Tech stocks are getting crushed

Worried nervous traderA trader reacts as he watches screens on the floor of the New York Stock Exchange in New YorkReuters/Brendan McDermid

Stocks fell Wednesday as corporate earnings season failed to calm nerves about rising rates and the prospect of slowing economic growth around the world.

Technology companies were among the biggest losers, with the Nasdaq composite down 1.7%. Even after reporting a jump in subscribers last week, Netflix (-4.5%) was pulled down by the broader sell-off. Semiconductor companies, including AMD (-5.8%) and Nvidia (-4.2%), were also sharply lower.

The Dow Jones industrial average shed 0.5%, or more than 100 points. The S&P 500 lost 0.9% and was on track for its sixth straight day of losses.

A combination of worries have weighed on Wall Street this month, with some concerned the Federal Reserve could raise borrowing rates at a pace that may become slightly restrictive in order to to keep inflation in check.

Adding to concerns, China reported last week that economic growth fell to the lowest level in a decade in the third quarter. The Shanghai composite was able to close 0.33% higher, however, after finding some relief in government promises to help prop up equities.

Jason Draho, head of American asset allocation at UBS, said signs of slowing demand in financial reports could weigh on sentiment in the US. Microsoft, Ford and Tesla are set to report after the bell.

"Overall, earnings results are good, but pockets of results, such as those in the Industrials sector, show the impact of tariffs and the slowdown in global trade," Draho said.

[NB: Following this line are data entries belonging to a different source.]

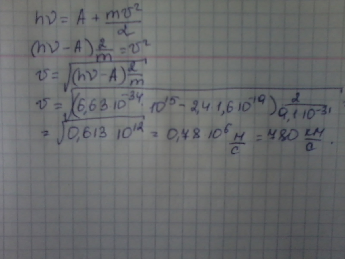 Применяем закон фотоэффекта: hv=Aвых+(mV^2)/2.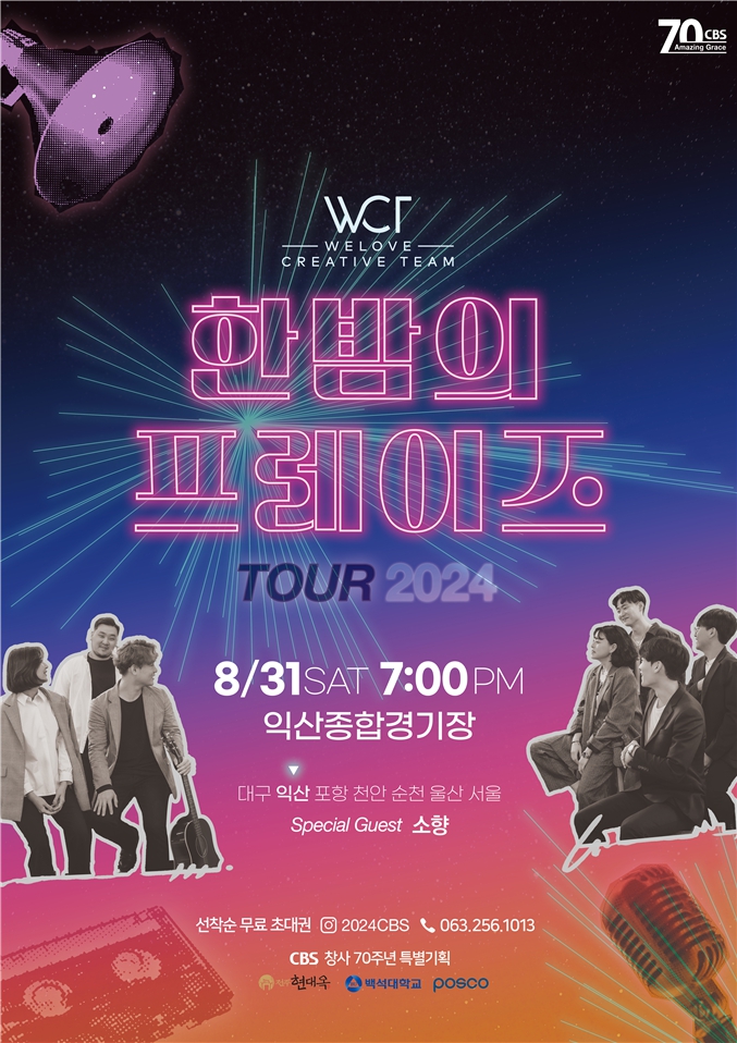 CBS 창사 70주년 기념 특별 기획 '한밤의 프레이즈 X 위러브' 전국 투어 공연에 현대옥이 협찬 참여합니다. 본 공연은 대구 공연을 시작으로 익산 포항 천안 순천 울산 서울 지역에서 진행 되는데 전북 익산 공연은 오는 8월 31일(토) 저녁 7시 익산종합운동장에서 진행됩니다. 본 공연을 알리는 포스터와 유튜브 인스타그램 등에 노출되는 홍보영상에는 저희 현대옥 로고가 노출 됩니다. 저희 현대옥은 금번 공연 협찬을 통하여 관람객들에게 현대옥에 대한 좋은 이미지를 주고 이로써 현대옥 가맹점들의 영업력 향상에 조금이나마 도움이 되기를 기대합니다. 아래 공연 포스터와 홍보영상을 첨부해 놓습니다. <포스터>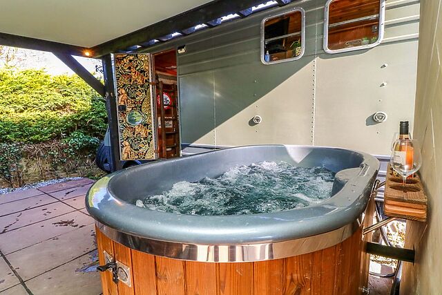 The space benefits from a wet room, as well as a raised double bed, reachable by a ladder, surrounded by beautiful, stained wood. This incredible van offers a wonderful outside space to match, boasting a bubbling hot tub ideal for those cooler evenings gazing out across the garden and towards the stars.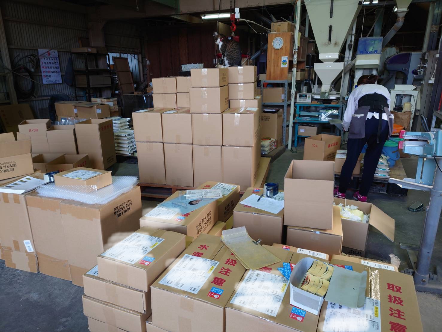格納庫では残りの家族が(写真の時は運送会社さんも)、息を切らしながら発送作業をしております。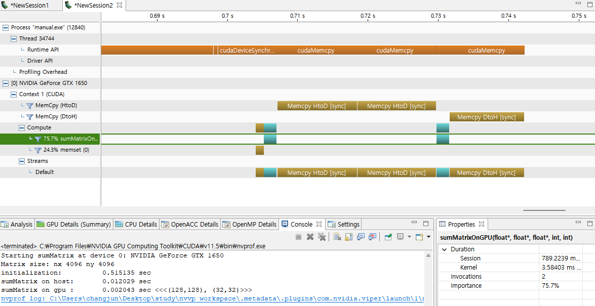 다음은 Unified Memory를 사용하지 않은 manual.exe를 nvvp로 실행한 결과입니다.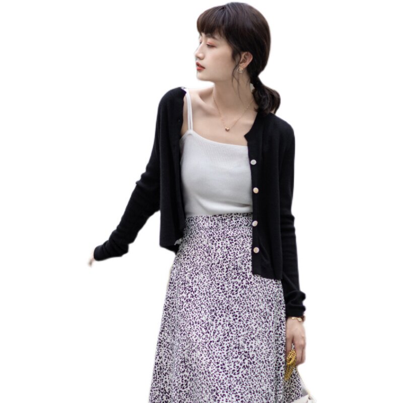 Autumn thin knitted cardigan female V-neck top short black small jacket 2022 new sunscreen shirt air-conditioning shirt

Boeing offered the Dow some relief Wednesday, jumping more than 3% after posting third-quarter earnings that beat analyst expectations and raising annual guidance. Other industrial companies had dimmed their profit outlook for the year a day earlier, with Caterpillar warning Chinese tariffs would push up its costs.

"Market technicals are showing signs of improving, with fewer stocks reaching 4-week lows yesterday and weak market depth of trading activity likely close to a bottom," Draho added.

"Technicals will likely have to stabilize before the market reaches a bottom and can start grinding higher on good fundamentals."